EXERCISE DIRECTIONS:
The required answer is an exact copy of the records below, without pictures.

WORKING DATA:
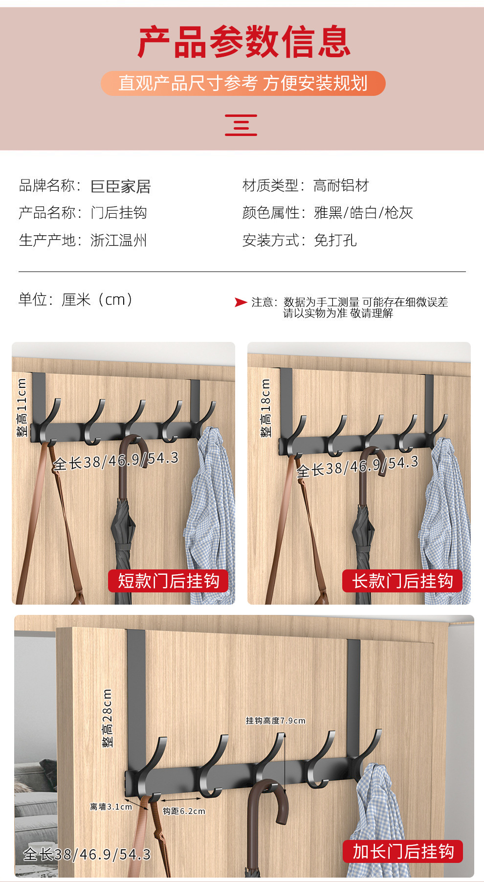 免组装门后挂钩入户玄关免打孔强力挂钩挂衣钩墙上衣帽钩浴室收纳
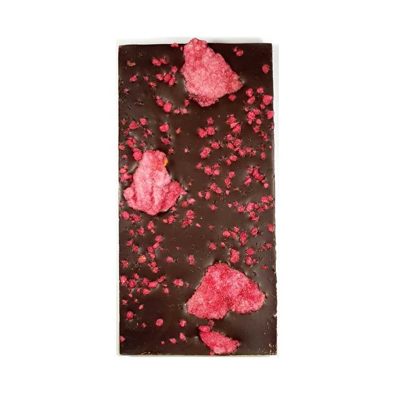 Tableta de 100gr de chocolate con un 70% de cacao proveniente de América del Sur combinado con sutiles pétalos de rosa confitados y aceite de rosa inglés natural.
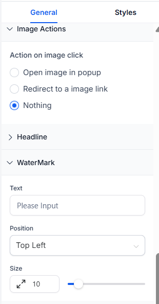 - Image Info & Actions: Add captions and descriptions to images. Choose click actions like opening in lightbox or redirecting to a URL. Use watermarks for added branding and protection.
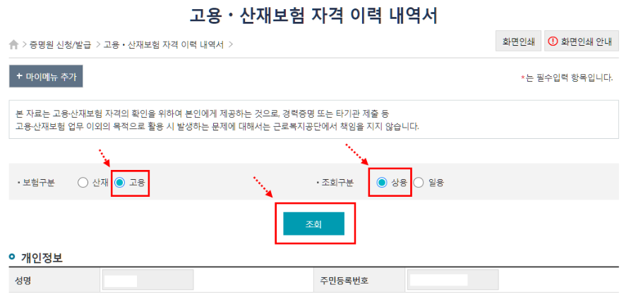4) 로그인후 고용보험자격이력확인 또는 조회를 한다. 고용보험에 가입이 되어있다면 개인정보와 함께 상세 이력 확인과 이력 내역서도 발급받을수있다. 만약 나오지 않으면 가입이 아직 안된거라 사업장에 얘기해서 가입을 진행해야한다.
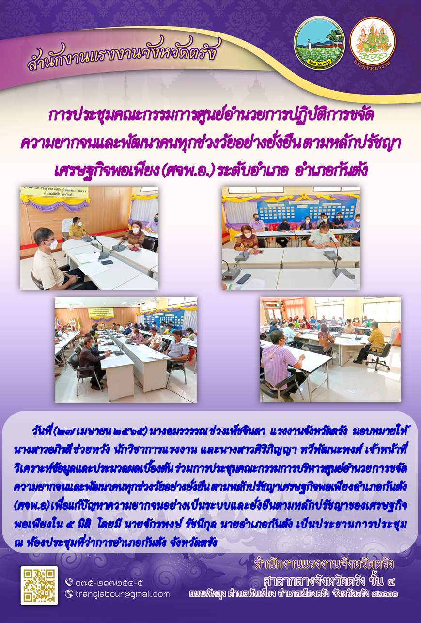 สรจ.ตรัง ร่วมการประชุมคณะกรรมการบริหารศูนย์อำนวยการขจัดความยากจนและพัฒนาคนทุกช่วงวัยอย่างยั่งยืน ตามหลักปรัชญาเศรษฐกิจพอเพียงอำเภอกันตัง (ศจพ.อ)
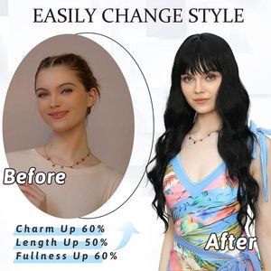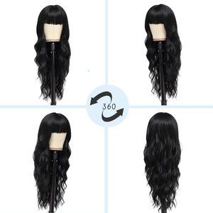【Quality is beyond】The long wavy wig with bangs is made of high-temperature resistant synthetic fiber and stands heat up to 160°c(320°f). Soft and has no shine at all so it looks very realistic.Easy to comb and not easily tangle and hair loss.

PROBLEM SOLUTION:
 免组装门后挂钩入户玄关免打孔强力挂钩挂衣钩墙上衣帽钩浴室收纳
 Tableta de 100gr de chocolate con un 70% de cacao proveniente de América del Sur combinado con sutiles pétalos de rosa confitados y aceite de rosa inglés natural.
 - Image Info & Actions: Add captions and descriptions to images. Choose click actions like opening in lightbox or redirecting to a URL. Use watermarks for added branding and protection.
4) 로그인후 고용보험자격이력확인 또는 조회를 한다. 고용보험에 가입이 되어있다면 개인정보와 함께 상세 이력 확인과 이력 내역서도 발급받을수있다. 만약 나오지 않으면 가입이 아직 안된거라 사업장에 얘기해서 가입을 진행해야한다.
 สรจ.ตรัง ร่วมการประชุมคณะกรรมการบริหารศูนย์อำนวยการขจัดความยากจนและพัฒนาคนทุกช่วงวัยอย่างยั่งยืน ตามหลักปรัชญาเศรษฐกิจพอเพียงอำเภอกันตัง (ศจพ.อ)
【Quality is beyond】The long wavy wig with bangs is made of high-temperature resistant synthetic fiber and stands heat up to 160°c(320°f). Soft and has no shine at all so it looks very realistic.Easy to comb and not easily tangle and hair loss.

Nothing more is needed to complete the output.